What is needed:
Beginning with the line that includes "Ubutumwa bwa Joel", return every remaining line of the material exactly as it reads, but not the pictures.

Extracted data:

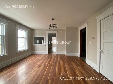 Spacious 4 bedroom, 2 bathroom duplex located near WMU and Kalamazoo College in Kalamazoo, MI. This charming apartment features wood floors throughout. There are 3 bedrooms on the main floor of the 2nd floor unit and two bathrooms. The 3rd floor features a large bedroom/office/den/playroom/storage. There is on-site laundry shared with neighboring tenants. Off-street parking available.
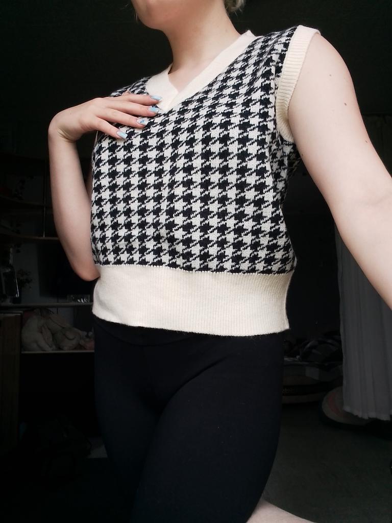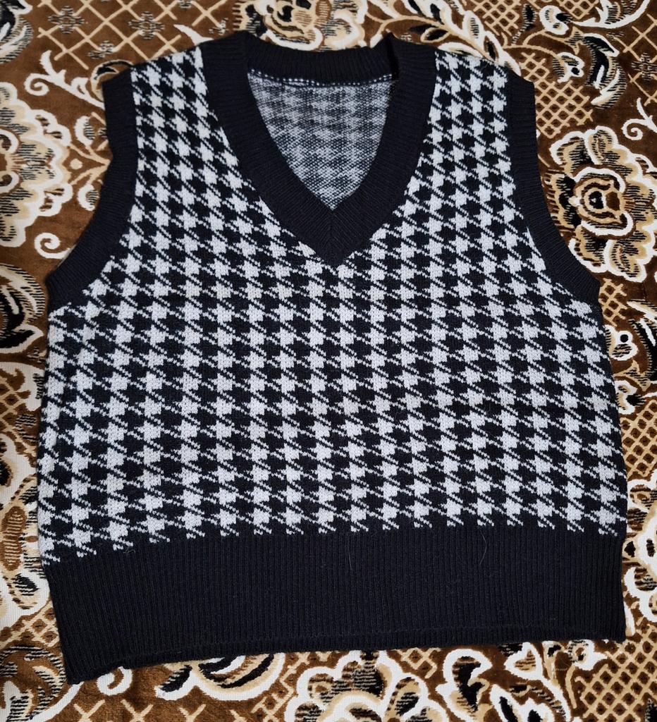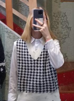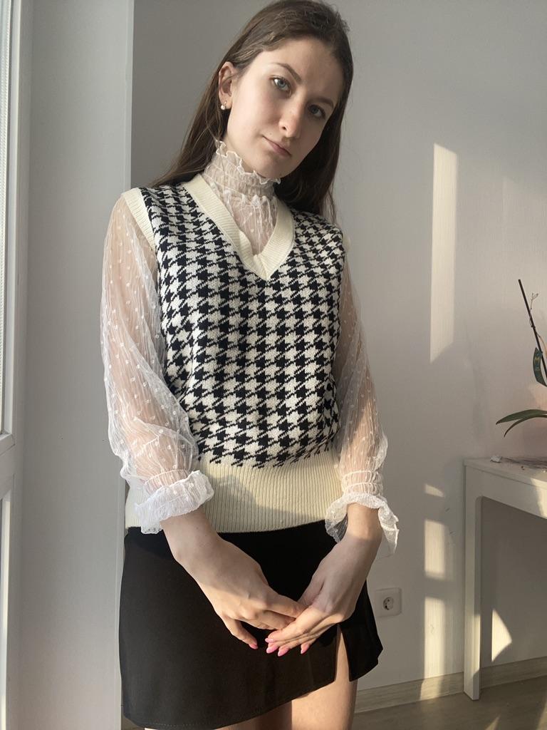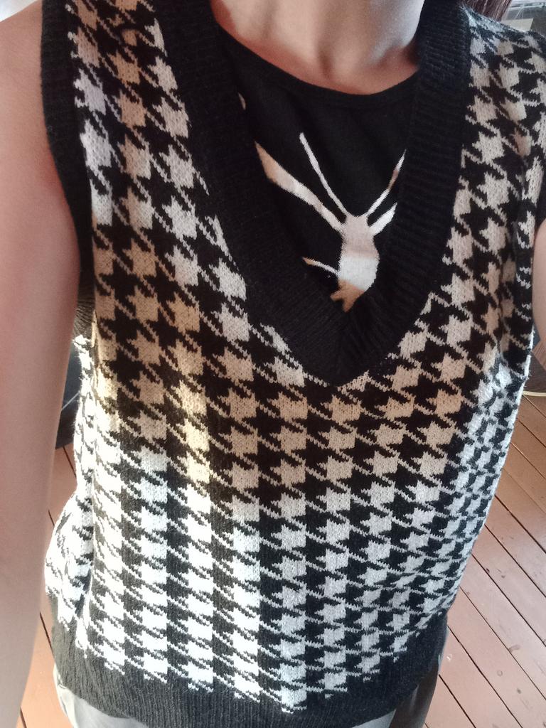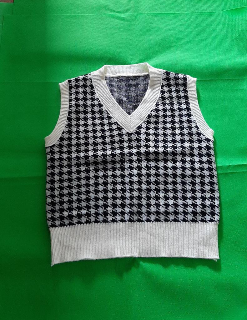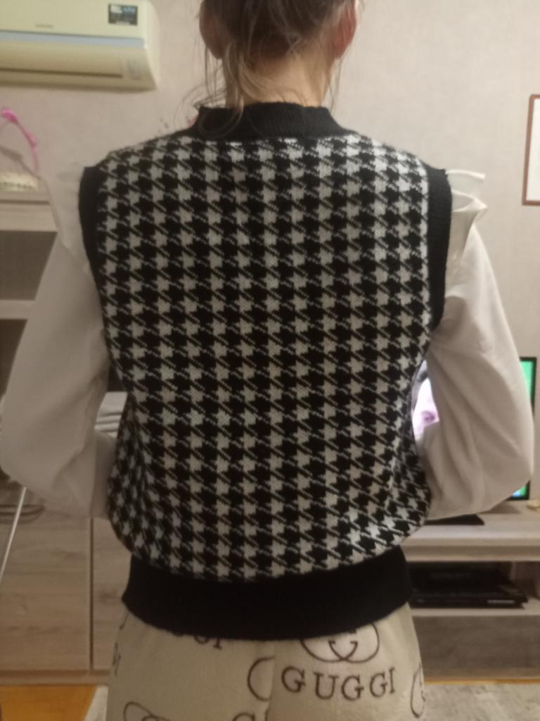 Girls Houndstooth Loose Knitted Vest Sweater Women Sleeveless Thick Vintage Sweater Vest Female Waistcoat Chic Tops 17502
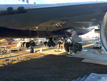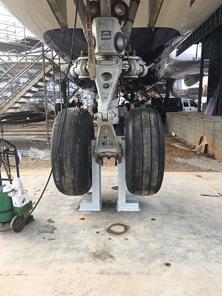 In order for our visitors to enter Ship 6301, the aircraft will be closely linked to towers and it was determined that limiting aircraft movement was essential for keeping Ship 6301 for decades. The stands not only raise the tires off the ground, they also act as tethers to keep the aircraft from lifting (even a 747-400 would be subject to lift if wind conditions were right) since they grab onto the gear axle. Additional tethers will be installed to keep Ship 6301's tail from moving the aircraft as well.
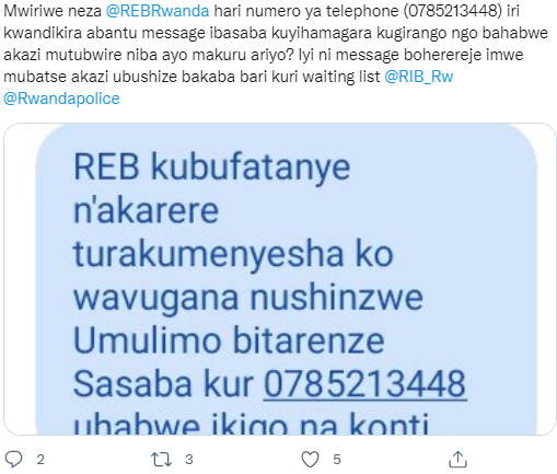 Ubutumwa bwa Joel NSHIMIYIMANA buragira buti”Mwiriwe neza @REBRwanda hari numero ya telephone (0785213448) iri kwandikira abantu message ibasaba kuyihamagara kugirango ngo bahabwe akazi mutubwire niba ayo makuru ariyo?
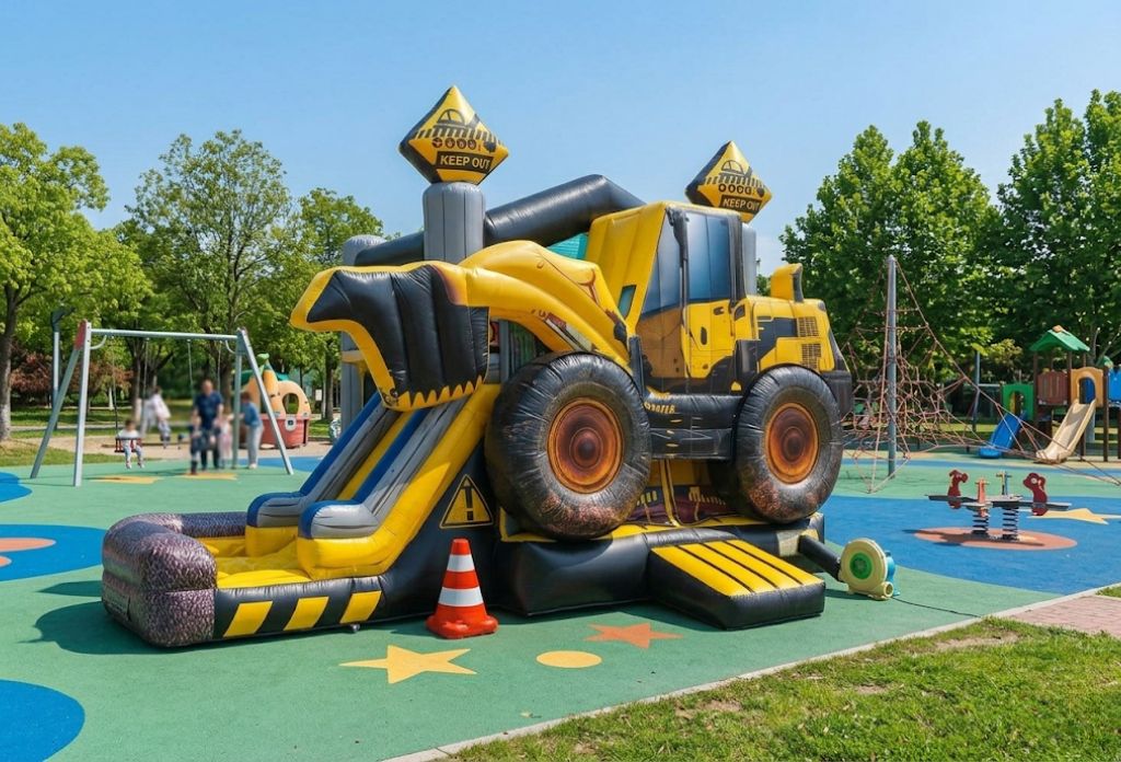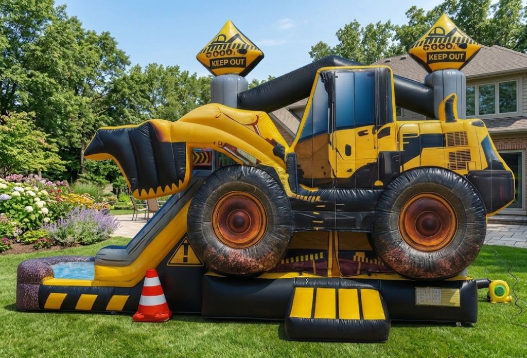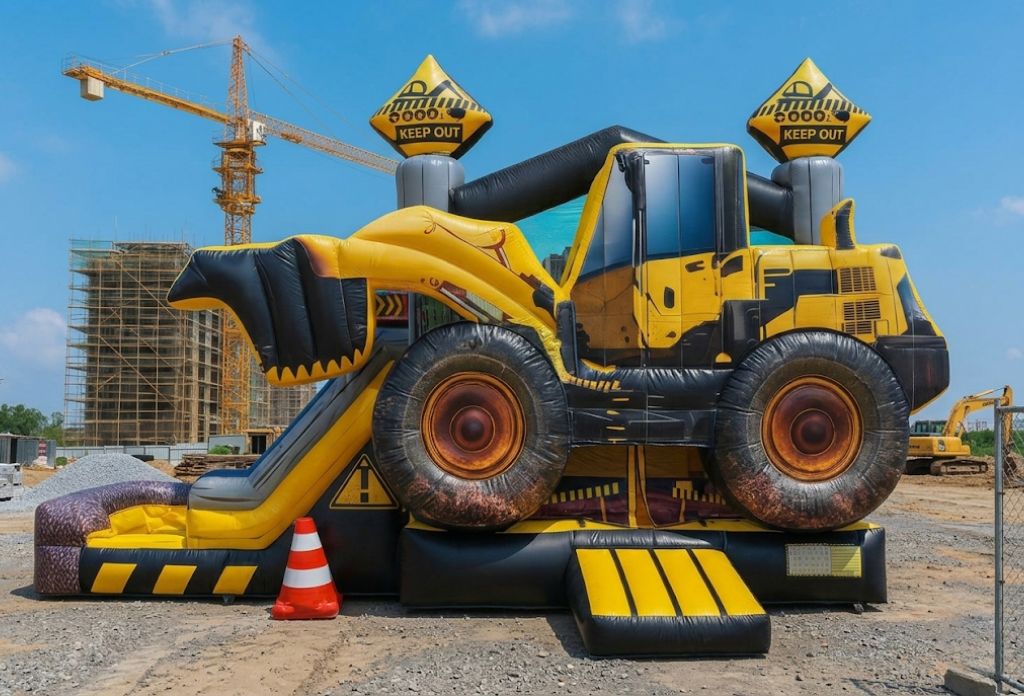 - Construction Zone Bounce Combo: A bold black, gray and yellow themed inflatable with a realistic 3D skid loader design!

Answer to this exercise:
 Ubutumwa bwa Joel NSHIMIYIMANA buragira buti”Mwiriwe neza @REBRwanda hari numero ya telephone (0785213448) iri kwandikira abantu message ibasaba kuyihamagara kugirango ngo bahabwe akazi mutubwire niba ayo makuru ariyo?
 - Construction Zone Bounce Combo: A bold black, gray and yellow themed inflatable with a realistic 3D skid loader design!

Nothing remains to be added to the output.